For the head, NASENI Innovation Hub, Mrs. Rachael Oluwabusola Perez-Folayan, FutureMakers represents a shift in how innovation is taught and experienced. She explained that the programme is built around experiential learning, combining creativity, engineering basics and technology use with mentorship and access to prototyping tools.
In a system where education is often rigid and examination-driven, such an approach stands out. It encourages children to ask questions, experiment freely and learn from mistakes, skills that are essential for innovation but often discouraged in conventional classrooms.
Beyond its immediate beneficiaries, FutureMakers carries broader implications for Nigeria’s development discourse. For years, the country’s youthful population has been described as a potential demographic dividend. Yet potential alone does not translate into productivity or innovation. Without deliberate investment in skills, mindset and opportunity, a large youth population can just as easily become a source of social and economic pressure.
By focusing on children rather than waiting until adolescence or adulthood, FutureMakers is pushing the conversation upstream, recognising that attitudes towards creativity and problem-solving are formed early on. The programme also sends an important signal about the evolving role of government agencies like NASENI.
Traditionally associated with heavy engineering and industrial infrastructure, NASENI is redefining its understanding of infrastructure to include human capital. Roads, machines and factories remain important, but without skilled and creative people to design, operate and improve them, such infrastructure cannot deliver sustainable development. By investing in children’s innovation capacity, NASENI is effectively laying the groundwork for the technologies and industries of the future.
At the launch, calls were made to parents, teachers and the private sector to see FutureMakers as a shared responsibility. Parents were urged to encourage curiosity rather than suppress it, to allow children explore ideas even when they seem unconventional. Teachers were challenged to integrate creativity and innovation into everyday learning, not as occasional extracurricular activities but as core elements of education.
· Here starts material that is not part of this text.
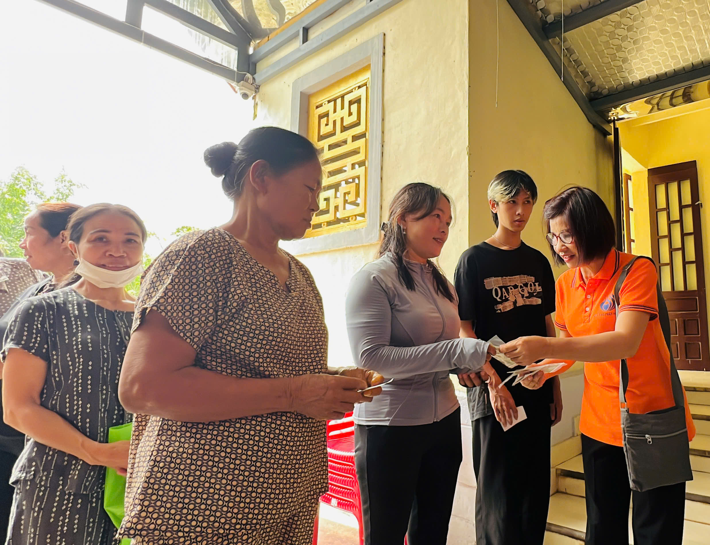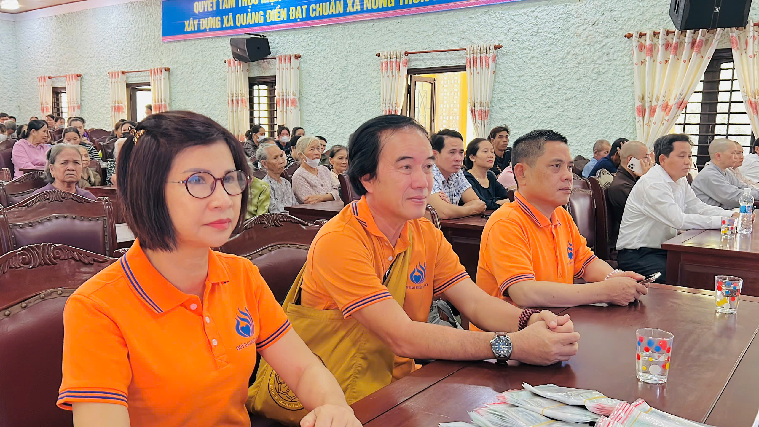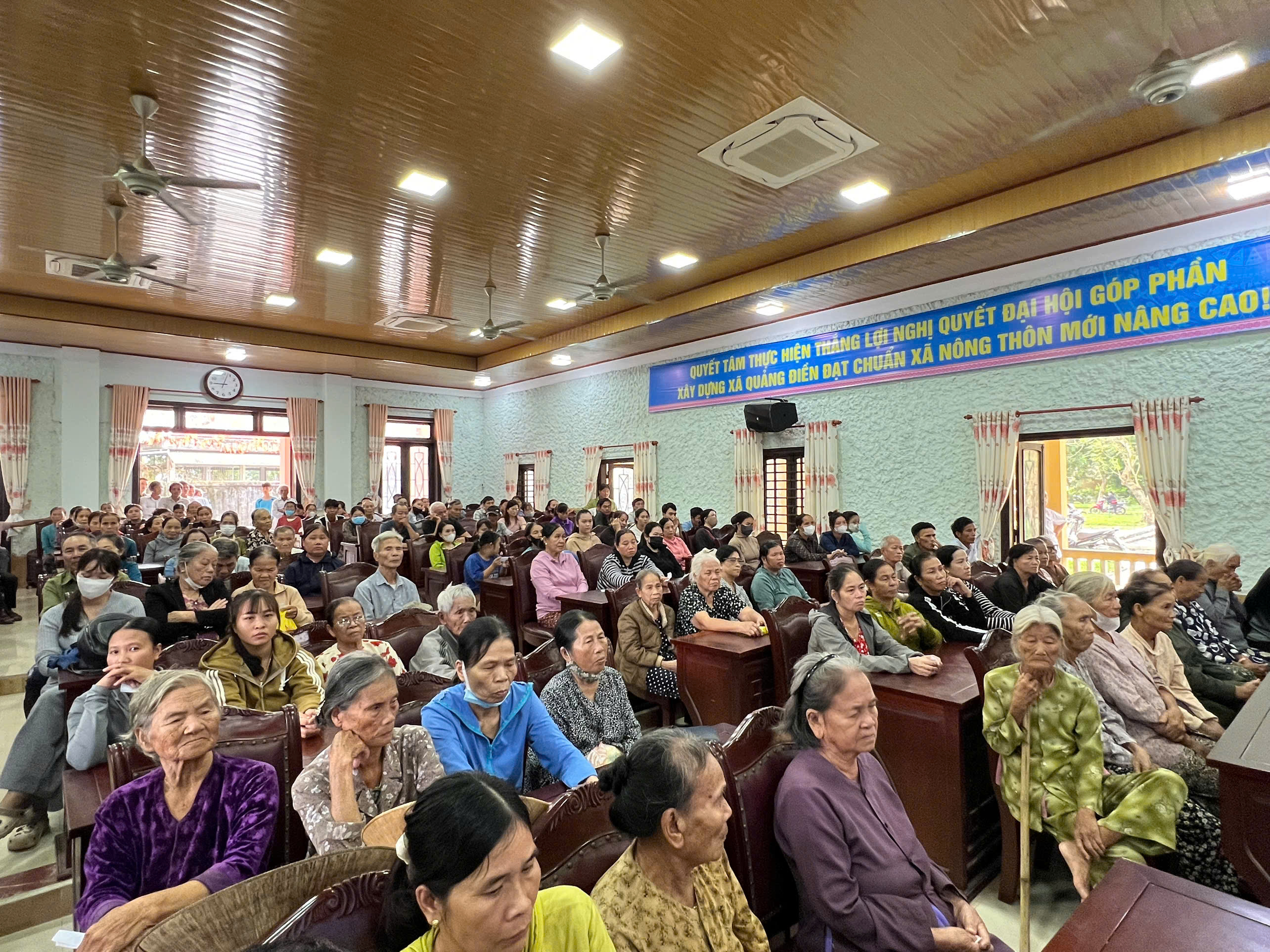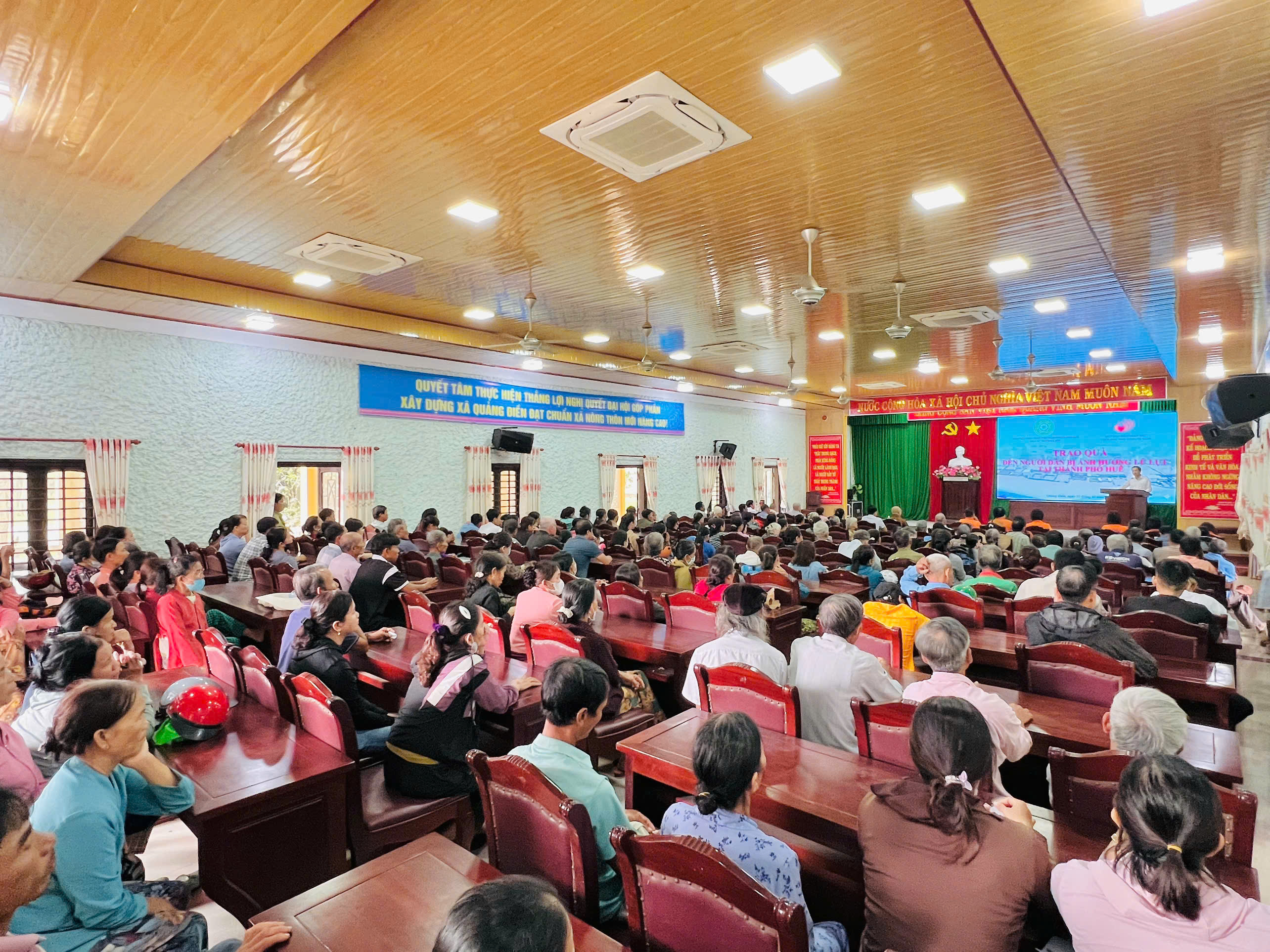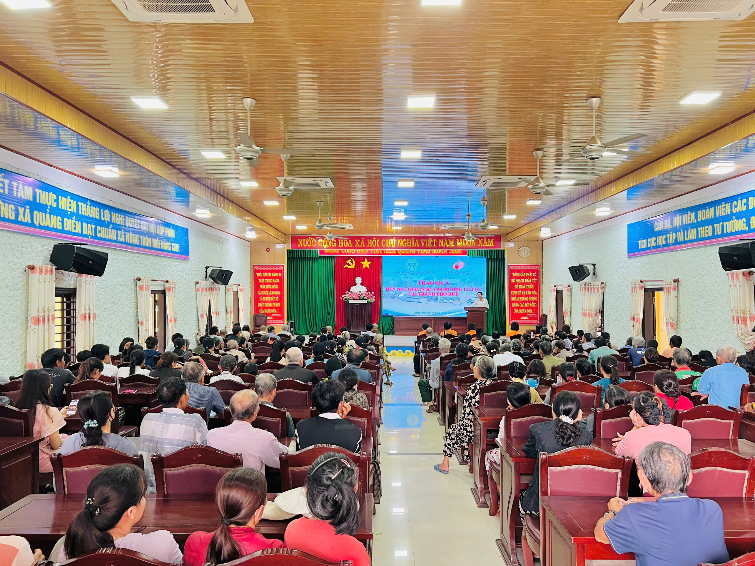 Tại xã Quảng Điền, đoàn đã trực tiếp trao tặng 200 suất tịnh tài hỗ trợ cho 200 hộ gia đình thuộc diện khó khăn nhất trên địa bàn. Mỗi suất quà là 500.000 đồng tiền mặt, với tổng kinh phí hỗ trợ trực tiếp lên đến 100 triệu đồng.

Private sector players were invited to invest in the programme by sponsoring challenges, funding prototypes and supporting regional hubs, recognising that today’s FutureMakers could become tomorrow’s entrepreneurs, engineers and industry leaders. For the children themselves, the significance of the programme may not yet be fully clear. To many, it may feel like just another holiday camp or school activity.
However, as Dr. Yazid reminded them, some of the most important moments in life only reveal their meaning in hindsight. Years from now, some of these participants may look back and trace their confidence, careers and contributions to society to this early exposure to innovation and belief in their abilities.
Furthermore, FutureMakers by NASENI represents more than a programme launch. It is a statement about the kind of future Nigeria wants to build and the path it believes will get it there. It acknowledges that innovation is not an accident and that global competitiveness is not achieved through declarations alone. It is built patiently, by investing in people early, nurturing their ideas and giving them the tools and confidence to create solutions to real problems.
By knocking on the doors of Nigerian children across cities, towns and villages, FutureMakers is offering something that has long been in short supply: structured opportunity at an early age. Its underlying idea is difficult to fault. If Nigeria is serious about shaping its technological and industrial future, then betting on its children may be the smartest place to start.